* Task item:
Pictures must not appear in the copy. Restate exactly the lines below from the one with "A járdásítás során" through the one with "ポリエステルギャバで製作して", inclusive.

* Data records:
______________________________

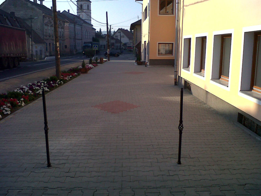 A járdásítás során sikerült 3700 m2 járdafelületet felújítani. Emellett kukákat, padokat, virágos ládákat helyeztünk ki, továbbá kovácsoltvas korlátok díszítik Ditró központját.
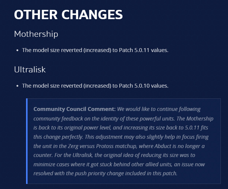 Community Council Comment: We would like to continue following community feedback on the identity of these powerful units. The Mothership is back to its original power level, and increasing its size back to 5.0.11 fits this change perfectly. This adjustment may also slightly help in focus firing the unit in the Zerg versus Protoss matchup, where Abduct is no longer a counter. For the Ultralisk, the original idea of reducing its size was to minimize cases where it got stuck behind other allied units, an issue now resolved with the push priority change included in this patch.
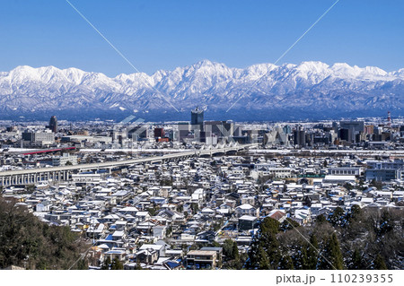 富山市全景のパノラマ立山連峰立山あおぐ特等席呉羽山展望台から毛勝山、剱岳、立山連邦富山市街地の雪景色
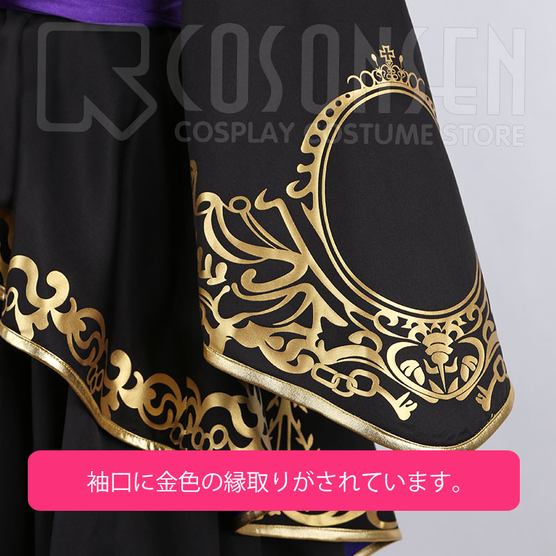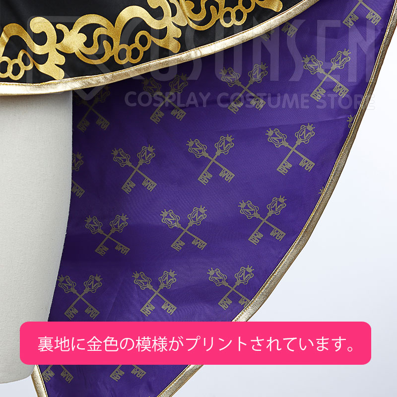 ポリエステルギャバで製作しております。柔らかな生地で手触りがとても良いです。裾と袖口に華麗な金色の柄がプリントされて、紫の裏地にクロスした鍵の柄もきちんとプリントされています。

______________________________

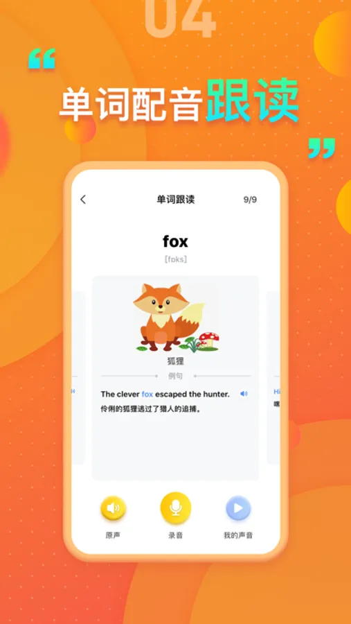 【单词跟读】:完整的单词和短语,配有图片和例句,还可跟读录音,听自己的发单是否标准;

______________________________

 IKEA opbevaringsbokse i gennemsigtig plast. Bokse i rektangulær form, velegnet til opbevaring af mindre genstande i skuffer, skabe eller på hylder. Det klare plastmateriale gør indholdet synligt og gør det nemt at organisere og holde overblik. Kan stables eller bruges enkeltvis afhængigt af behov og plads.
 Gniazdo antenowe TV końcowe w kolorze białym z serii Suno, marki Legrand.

______________________________

* Task output:
 A járdásítás során sikerült 3700 m2 járdafelületet felújítani. Emellett kukákat, padokat, virágos ládákat helyeztünk ki, továbbá kovácsoltvas korlátok díszítik Ditró központját.
 Community Council Comment: We would like to continue following community feedback on the identity of these powerful units. The Mothership is back to its original power level, and increasing its size back to 5.0.11 fits this change perfectly. This adjustment may also slightly help in focus firing the unit in the Zerg versus Protoss matchup, where Abduct is no longer a counter. For the Ultralisk, the original idea of reducing its size was to minimize cases where it got stuck behind other allied units, an issue now resolved with the push priority change included in this patch.
 富山市全景のパノラマ立山連峰立山あおぐ特等席呉羽山展望台から毛勝山、剱岳、立山連邦富山市街地の雪景色
 ポリエステルギャバで製作しております。柔らかな生地で手触りがとても良いです。裾と袖口に華麗な金色の柄がプリントされて、紫の裏地にクロスした鍵の柄もきちんとプリントされています。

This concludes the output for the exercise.